After an afternoon rest, Grainne and I head out for one of our favorite London activities - a trip to the theater. We’ve managed to snag a couple of great seats for “Come From Away,” the hit musical detailing the town in Newfoundland that found itself hosting 7,000 air travelers grounded after the 9/11 attacks.

As we arrive at the theater, we are asked to provide proof of vaccination. Luckily we are prepared this time. We show our CDC vaccination cards, the attendants clear us, and we find ourselves in a packed theater. Some of the theater-goers wear masks. Some do not. But at least we’re all vaccinated. There’s a great comfort in that.

There’s nothing quite like going to the theater in London (OK, I”m sure it’s great on Broadway as well, but London is where all my experience is based.) The crowd laughs, cries, claps along with the music. The cast is stellar. The play is uplifting. The whole experience is joyous and unforgettable.

At the theater to see "Come From Away."

Our souls lifted and faith in humanity restored, we head back to our hotel for a late night dinner at the Magenta restaurant.
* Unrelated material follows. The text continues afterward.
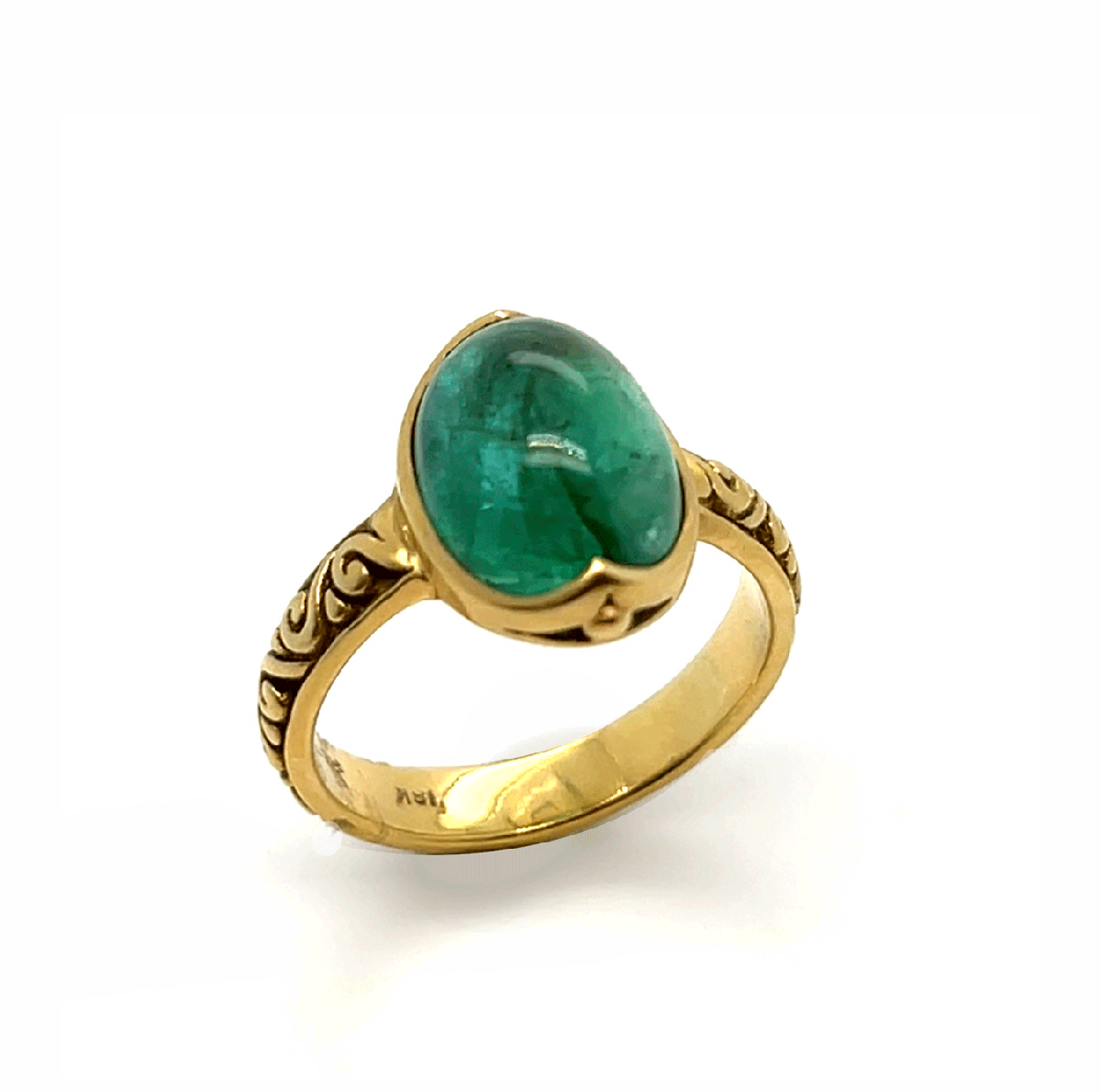 Sophisticated 18K gold ring featuring an oval cabochon emerald — a timeless statement of elegance and luxury.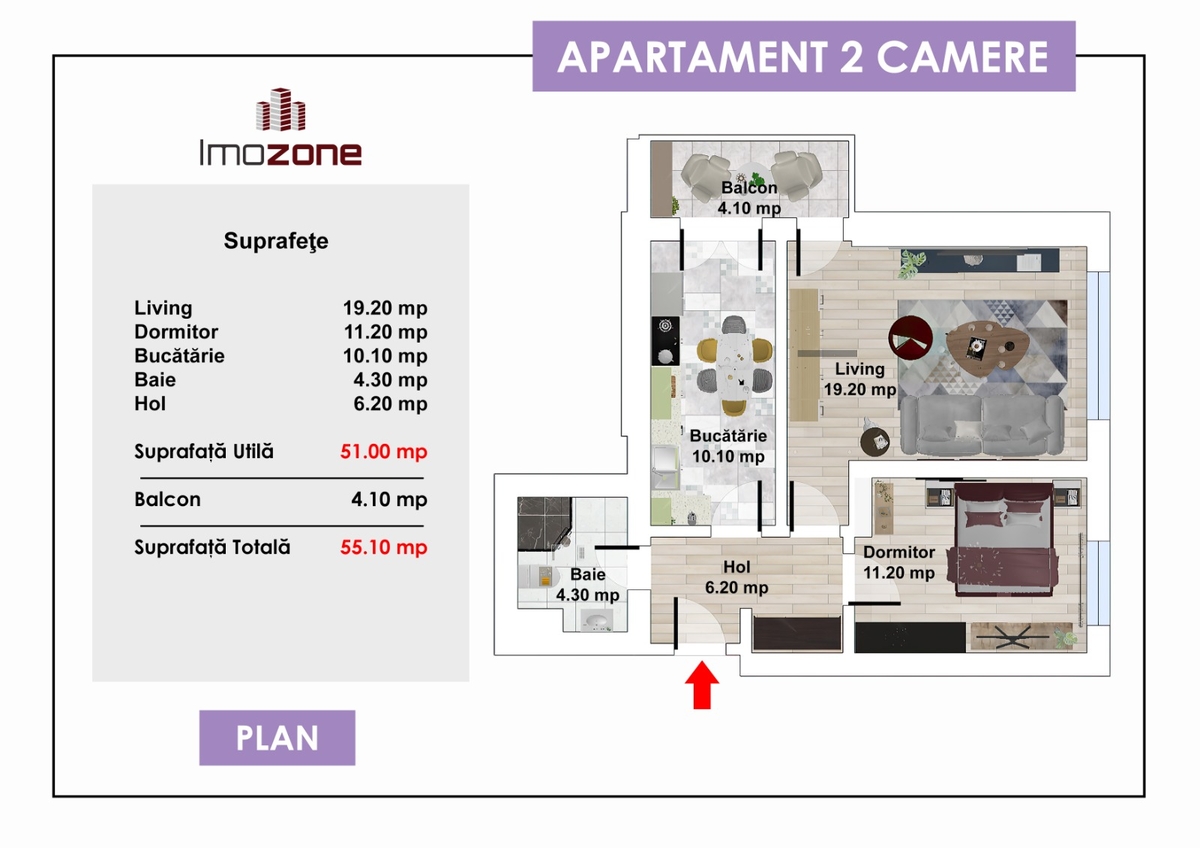 Apartament de doua camere, compartimentat eficient, cu suprafata de 55 mp, cu balcon de 4 mp, bucatarie inchisa, situat la etajul 1 intr-un bloc cu 11 nivele si cu orientarea ferestrelor catre vest.

The staff now know us, and look after us with extra care.

We do experience a small hiccup as we try to get into our room. The card key won’t work. Two trips to the front desk for new cards doesn’t solve the problem. The front desk clerk comes up and tries to reset the electronic lock. No luck. He offers us another room down the hall. OK, but we don’t have access to any of our clothes, toiletries or medications. Just as we give up and start to settle down, there’s a knock on the door. He’s managed to get into our room.

Phew. A quick brush of the teeth and wash of the face and it’s off to bed.

A minor inconvenience for an unbelievable day. Good night.